Google releases Gemma 4 open models

Model overview & capabilities

  • Gemma 4 adds “thinking”/reasoning traces, multimodal input (images; audio on E2B/E4B), and tool calling.
  • Lineup: small E2B/E4B (mobile‑focused, Gemma‑3n‑style architecture) plus 26B A4B MoE and 31B dense.
  • Long context (up to ~200k+ tokens on some setups) and strong performance on many public benchmarks; some users say reasoning feels notably advanced.

Licensing and variants

  • Released under Apache 2.0, seen as a major shift vs prior Gemma licenses and good for agents/BYOK.
  • Both base and instruction‑tuned (“‑it”) models are provided; “it” models are intended for assistant/chat use.

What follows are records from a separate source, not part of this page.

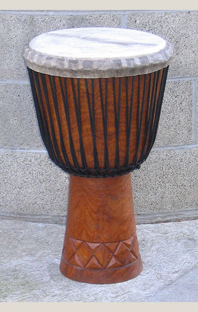 Here is another great example of the professional quality that DrumSkull Drums offers in West African percussion!! This particular drum has the sound, feel, and ease of play that the West African Masters Drummers look for in their own personal djembes. This is the ideal instrument for professional musicians, students of West African music, and recreational drummers. It is a custom djembe from start to finish.
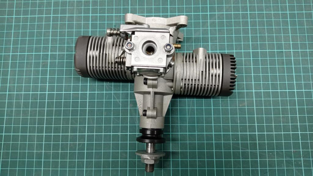 Při pokusech dosažení co nejnižšího volnoběhu stále zhasínal jeden válec, to jsem vyřešil odebráním podložky z pod hlavy válce. Palivo na rozdíl od kolegy si míchám sám. Metanol a 8% syntetického oleje, ricinový olej už mnoho let nepoužívám.
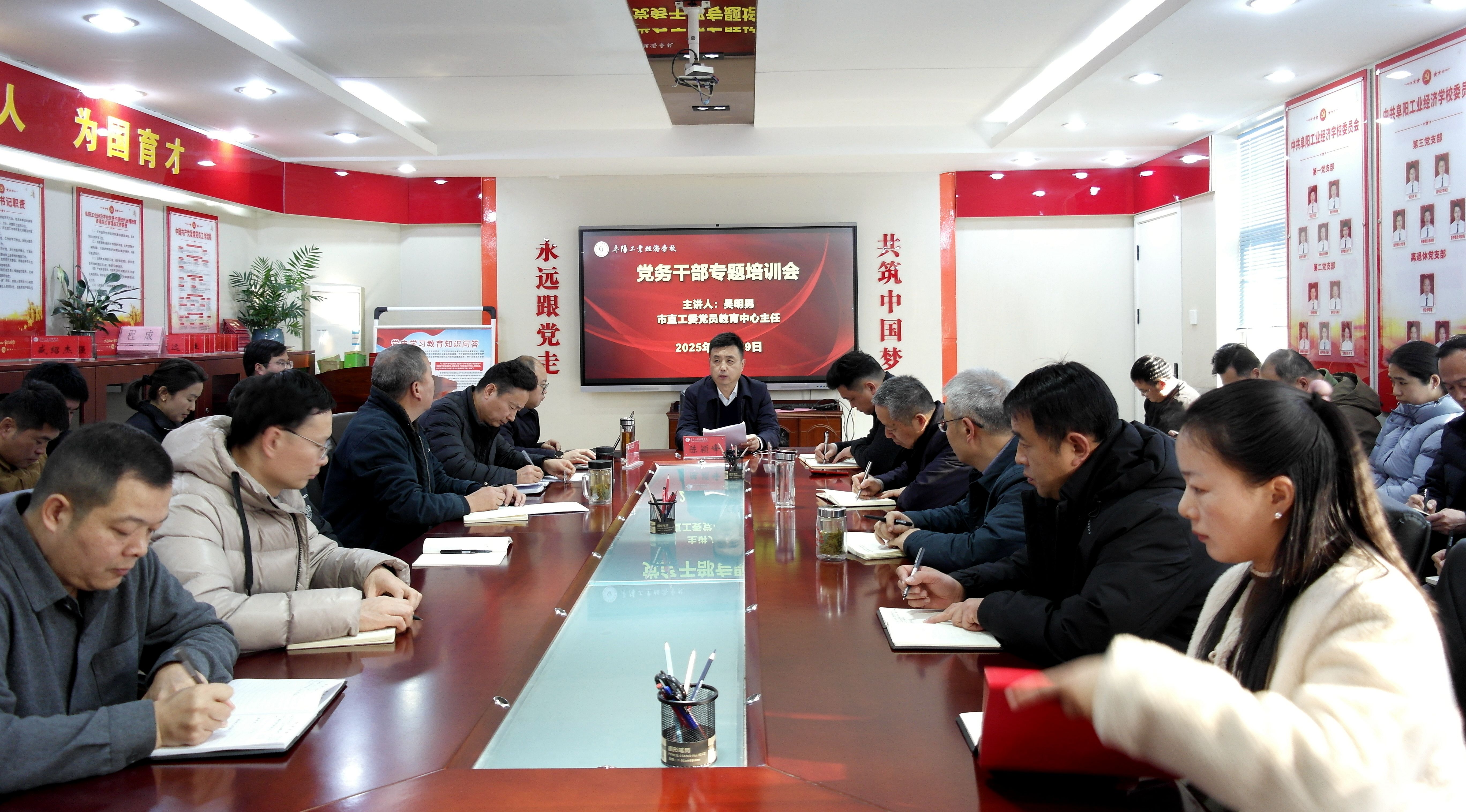 培训会上,吴明男主任以贯彻落实《中国共产党支部工作条例(试行)》为重点,紧扣 “打造坚强战斗堡垒” 主题,结合基层党建工作实际,从党支部的职责定位、设置方式、工作机制、组织生活规范等方面进行系统讲解。他通过列举典型案例、剖析实务难点,对党务工作中的重点环节和实操要求作出精准指导,既有理论高度,又有实践深度,为学校党务干部明晰工作方向,提供了切实可行的方法指引。
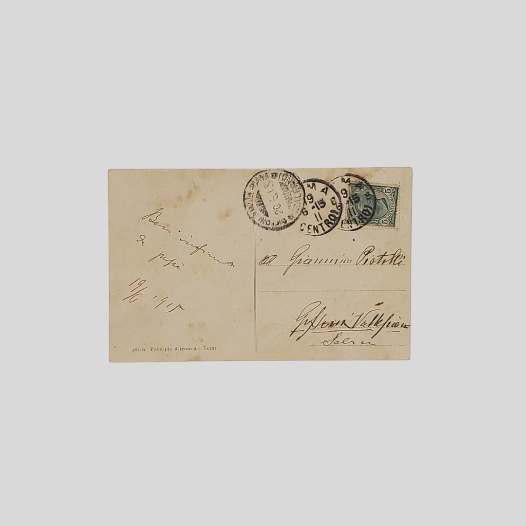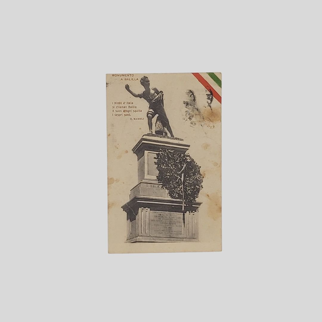 cm 9x14. Cartolina d’epoca patriottica. Viaggiata, invio del 19/6/1915. Francobollo, timbri. Evidenti tracce d’uso e piegatura all’angolo inferiore. Al recto citazione di Goffredo Mameli. Non comune. Monumento a Balilla, da icona patriottica del sacrificio durante la grande guerra a simbolo della propaganda fascista nel successivo ventennio
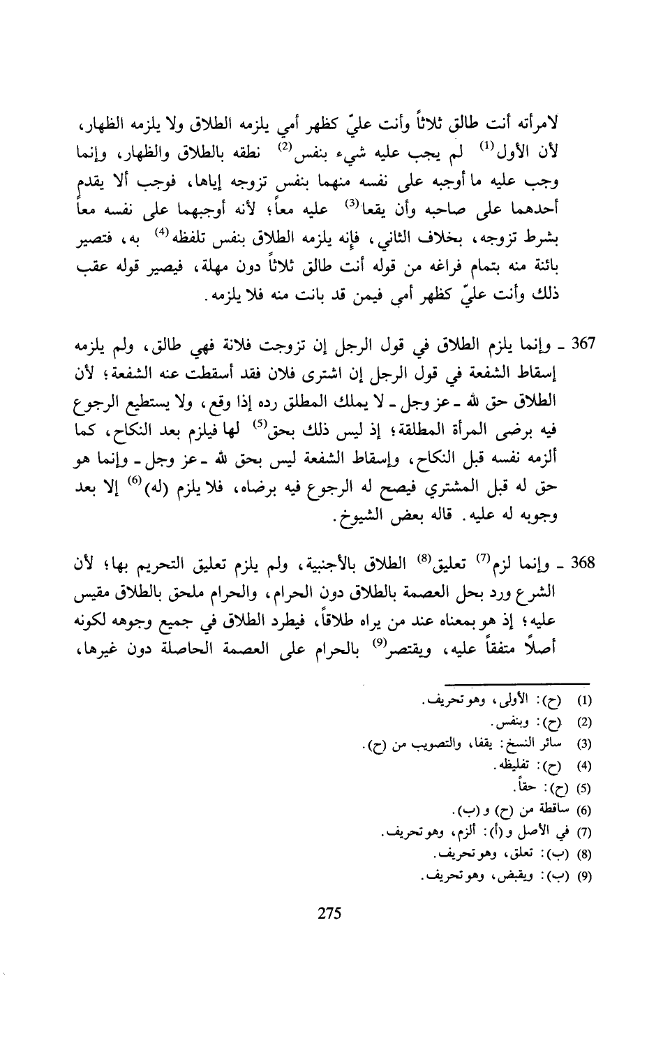 367 - وإنما يلزم الطلاق في قول الرجل إن تزوجت فلانة فهي طالق، ولم يلزمه إسقاط الشفعة في قول الرجل إن اشترى فلان فقد أسقطت عنه الشفعة؛ لأن الطلاق حق لله -عَزَّ وَجَلَّ- لا يملك المطلق رده إذا وقع، ولا يستطيع الرجوع فيه برضى المرأة المطلقة؛ إذ ليس ذلك بحق (¬5) لها فيلزم بعد النكاح، كما ألزمه نفسه قبل النكاح، وإسقاط الشفعة ليس بحق لله -عَزَّ وَجَلَّ- وإنما هو حق له قبل المشتري فيصح له الرجوع فيه برضاه، فلا يلزم (له) (¬6) إلا بعد وجوبه له عليه. قاله بعض الشيوخ.

Local deployment & performance

  • Many reports of running Gemma 4 locally via llama.cpp, LM Studio, Ollama, MLX, Modular MAX, LiteRT‑LM, and others.
  • 26B A4B MoE praised for high token/sec at modest VRAM (e.g., ~150 tok/s on 4090, strong speeds on M‑series Macs) and good fit for agent frameworks.
  • 31B dense is noticeably slower but higher quality; can still run on 24–64GB setups with quantization.
  • On low‑power devices (e.g., Raspberry Pi 5) even E4B is very slow; on modern Macs it’s comfortably usable.

Quantization & tooling

  • Unsloth released GGUF “Dynamic 2.0” quants quickly; users report near‑full quality at 4‑bit with large memory savings.
  • Confusion for newcomers around model size vs quant level vs context length; tools like Unsloth Studio and llama.cpp auto‑sizing help.
  • Some interest in future QAT / NVFP4‑style variants and TurboQuant‑like KV compression.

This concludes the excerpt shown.